The last step is to handle it in the _error.tsx page. You can see that we do not log the exception for 404, as this would flood Sentry. However, we do log it if the errorDebugging is set to `true (env variable is set to 1). Keep this in mind, as having this setting in an environment which includes Sentry might cause a lot of logs.

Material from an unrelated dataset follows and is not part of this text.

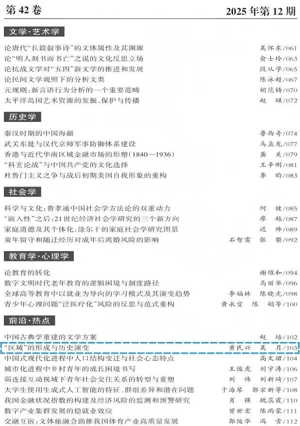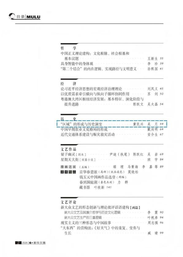 《西北大学学报(哲学社会科学版)》2025年第6期“区域国别学特辑”刊发的西北大学区域国别学院黄民兴教授及博士生吴月的论文《论区域国别学视域下“区域”的形成与历史演变》被《新华文摘》2026年第6期作为封面文章全文转载。同时,被《高等学校文科学术文摘》2025年第12期全文转载。
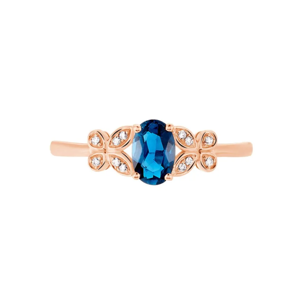 Bague Or Rose 375/1000 Topaze Ovale London Blue Serti Griffes Accompagne Oxydes De Zirconium Style Papillon

ErrorPage.getInitialProps = getServerSidePropsWrapper(({ redisClient, domainConfig, t }) => async (context: any) => {
    const middlewareStatusCode = Number.parseInt(context.res.getHeader(MIDDLEWARE_STATUS_CODE_KEY) || '');
    ...
    const statusCode = middlewareStatusCode || context.res.statusCode || 500;
    ...

    if (statusCode !== 404 && !isWithErrorDebugging) {
        logException({
            message: err,
            statusCode,
            initServerSidePropsResonse: JSON.stringify(serverSideProps),
            location: 'ErrorPage.getInitialProps.isWithErrorDebugging = false',
        });
    }

    if (isWithErrorDebugging) {
        logException({
            message: err,
            statusCode,
            initServerSidePropsResonse: JSON.stringify(serverSideProps),
            location: 'ErrorPage.getInitialProps.isWithErrorDebugging = true',
        });
        showErrorMessage(err);
    }

    // eslint-disable-next-line require-atomic-updates
    context.res.statusCode = statusCode;
    ...

    return {
        ...props,
        statusCode,
        ...
    } as ErrorPageProps;
});

const ErrorPage: NextPage<ErrorPageProps> = ({ hasGetInitialPropsRun, err, statusCode }): ReactElement => {
    ...
    return statusCode === 404 ? <Error404Content /> : <Error500Content />;
};

Handling friendly URL page errors

If a 'core' GraphQL request for a friendly URL page (e.g. product detail query for the product detail page) fails with a 500 code, an error is directly thrown on Storefront. Both on the client and on the server. On the server, this is handled using handleServerSideErrorResponseForFriendlyUrls, which can be used because we have a direct access to the failed query. On the client, this is done globally in the errorExchange. Here, each operation is checked for a special directive @friendlyUrl. If an operation with such directive fails with a 500 code on the client, an error is thrown. This means that for this mechanism to work, you have to add this directive to your queries, which are considered 'core' queries for your friendly URL pages.